*Assignment*
Word-for-word transcription: reproduce all of the data, but not the pictures.

Recorded data:

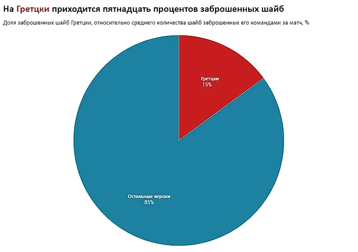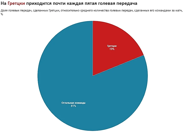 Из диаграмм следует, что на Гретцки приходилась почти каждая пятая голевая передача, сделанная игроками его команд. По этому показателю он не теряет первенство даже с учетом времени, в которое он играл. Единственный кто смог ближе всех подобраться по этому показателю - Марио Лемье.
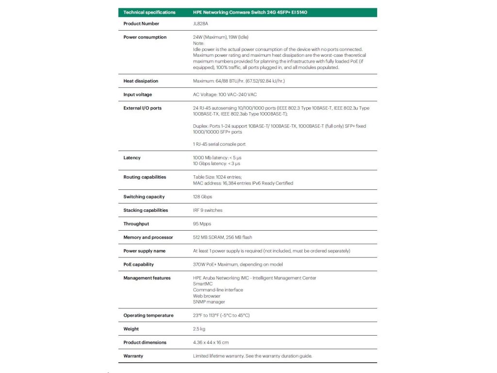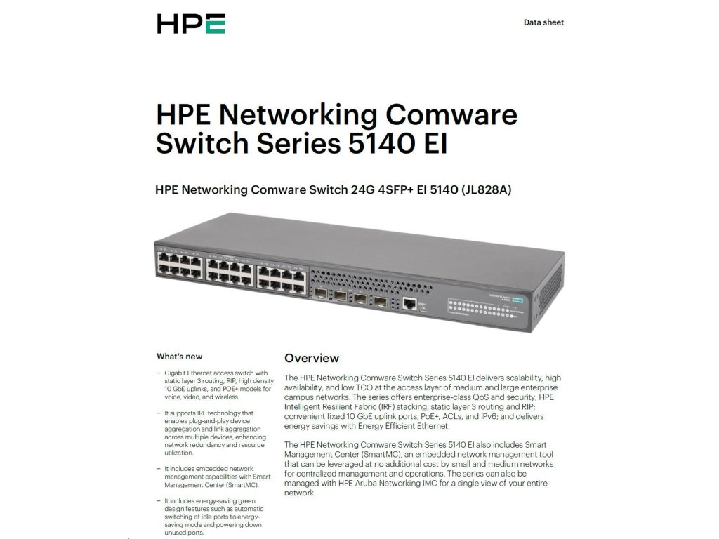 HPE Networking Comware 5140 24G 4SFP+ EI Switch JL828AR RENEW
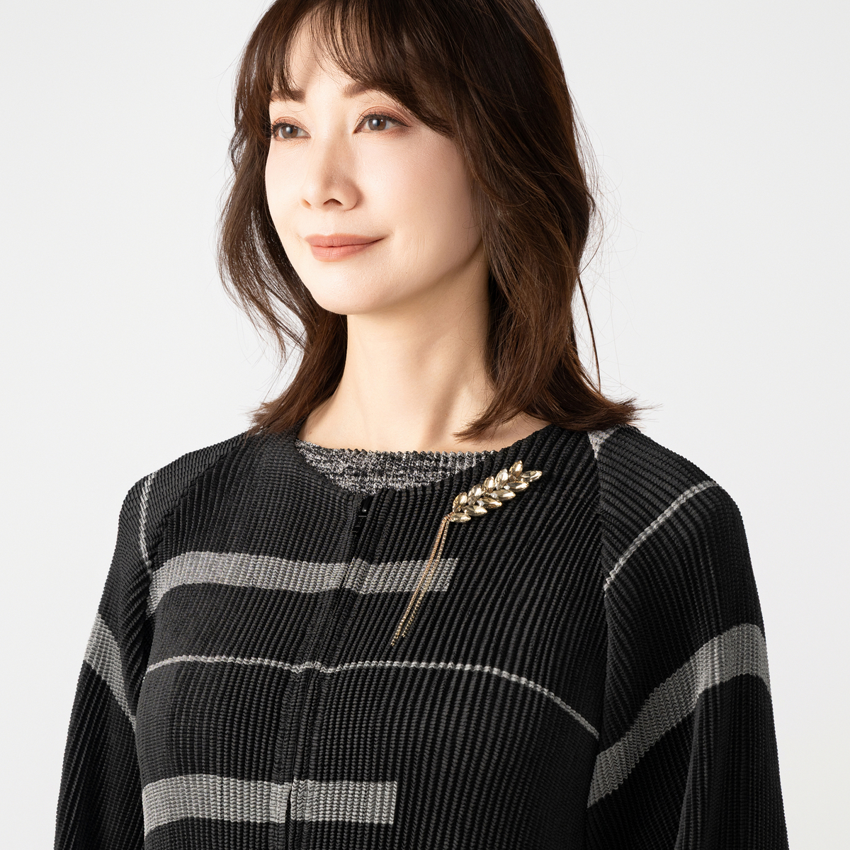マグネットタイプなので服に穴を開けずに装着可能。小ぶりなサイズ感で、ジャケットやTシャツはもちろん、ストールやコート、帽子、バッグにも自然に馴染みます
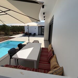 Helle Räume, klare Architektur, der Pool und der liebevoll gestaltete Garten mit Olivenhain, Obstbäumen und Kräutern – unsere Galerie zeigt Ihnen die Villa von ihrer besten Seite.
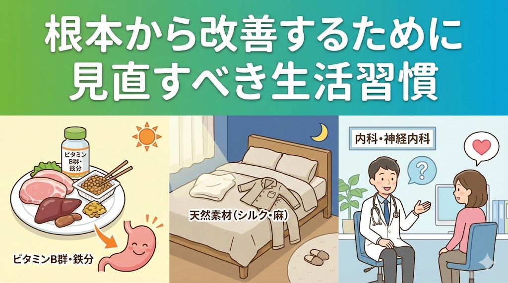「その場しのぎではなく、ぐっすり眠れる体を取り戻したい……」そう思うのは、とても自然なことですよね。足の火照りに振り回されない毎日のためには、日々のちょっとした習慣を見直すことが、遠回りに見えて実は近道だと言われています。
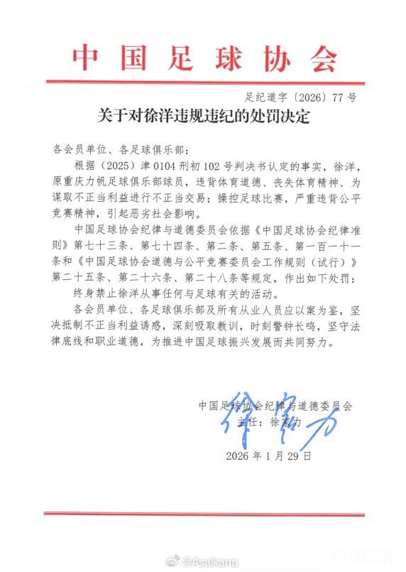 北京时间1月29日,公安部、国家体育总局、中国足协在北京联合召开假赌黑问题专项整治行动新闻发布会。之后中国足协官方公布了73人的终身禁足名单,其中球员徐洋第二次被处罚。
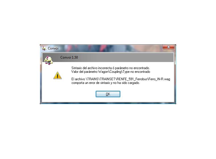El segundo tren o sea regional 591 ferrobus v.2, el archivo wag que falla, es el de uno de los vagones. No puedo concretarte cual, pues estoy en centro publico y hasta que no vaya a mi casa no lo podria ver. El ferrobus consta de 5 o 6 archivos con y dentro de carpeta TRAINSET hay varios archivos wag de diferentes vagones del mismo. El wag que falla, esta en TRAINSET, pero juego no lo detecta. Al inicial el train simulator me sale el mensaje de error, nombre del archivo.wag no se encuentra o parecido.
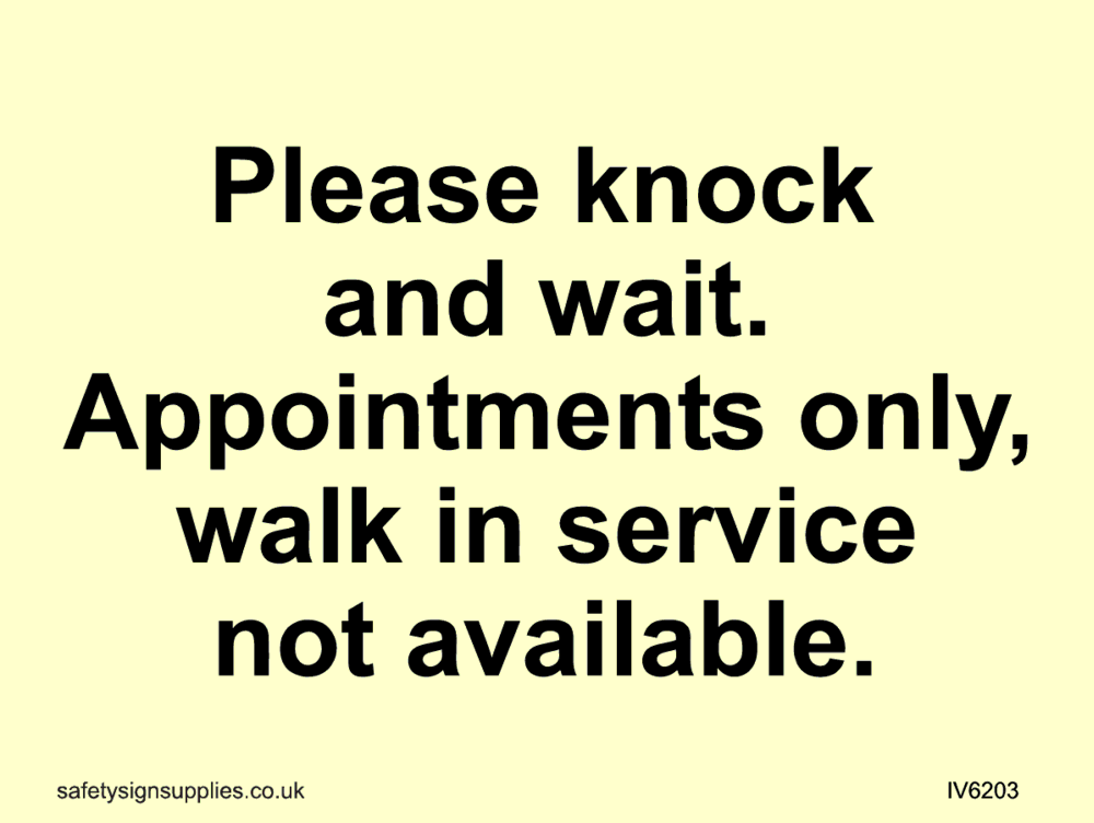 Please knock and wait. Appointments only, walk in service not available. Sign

*Solution to this exercise*
 Из диаграмм следует, что на Гретцки приходилась почти каждая пятая голевая передача, сделанная игроками его команд. По этому показателю он не теряет первенство даже с учетом времени, в которое он играл. Единственный кто смог ближе всех подобраться по этому показателю - Марио Лемье.
 HPE Networking Comware 5140 24G 4SFP+ EI Switch JL828AR RENEW
マグネットタイプなので服に穴を開けずに装着可能。小ぶりなサイズ感で、ジャケットやTシャツはもちろん、ストールやコート、帽子、バッグにも自然に馴染みます
 Helle Räume, klare Architektur, der Pool und der liebevoll gestaltete Garten mit Olivenhain, Obstbäumen und Kräutern – unsere Galerie zeigt Ihnen die Villa von ihrer besten Seite.
「その場しのぎではなく、ぐっすり眠れる体を取り戻したい……」そう思うのは、とても自然なことですよね。足の火照りに振り回されない毎日のためには、日々のちょっとした習慣を見直すことが、遠回りに見えて実は近道だと言われています。
 北京时间1月29日,公安部、国家体育总局、中国足协在北京联合召开假赌黑问题专项整治行动新闻发布会。之后中国足协官方公布了73人的终身禁足名单,其中球员徐洋第二次被处罚。
El segundo tren o sea regional 591 ferrobus v.2, el archivo wag que falla, es el de uno de los vagones. No puedo concretarte cual, pues estoy en centro publico y hasta que no vaya a mi casa no lo podria ver. El ferrobus consta de 5 o 6 archivos con y dentro de carpeta TRAINSET hay varios archivos wag de diferentes vagones del mismo. El wag que falla, esta en TRAINSET, pero juego no lo detecta. Al inicial el train simulator me sale el mensaje de error, nombre del archivo.wag no se encuentra o parecido.
 Please knock and wait. Appointments only, walk in service not available. Sign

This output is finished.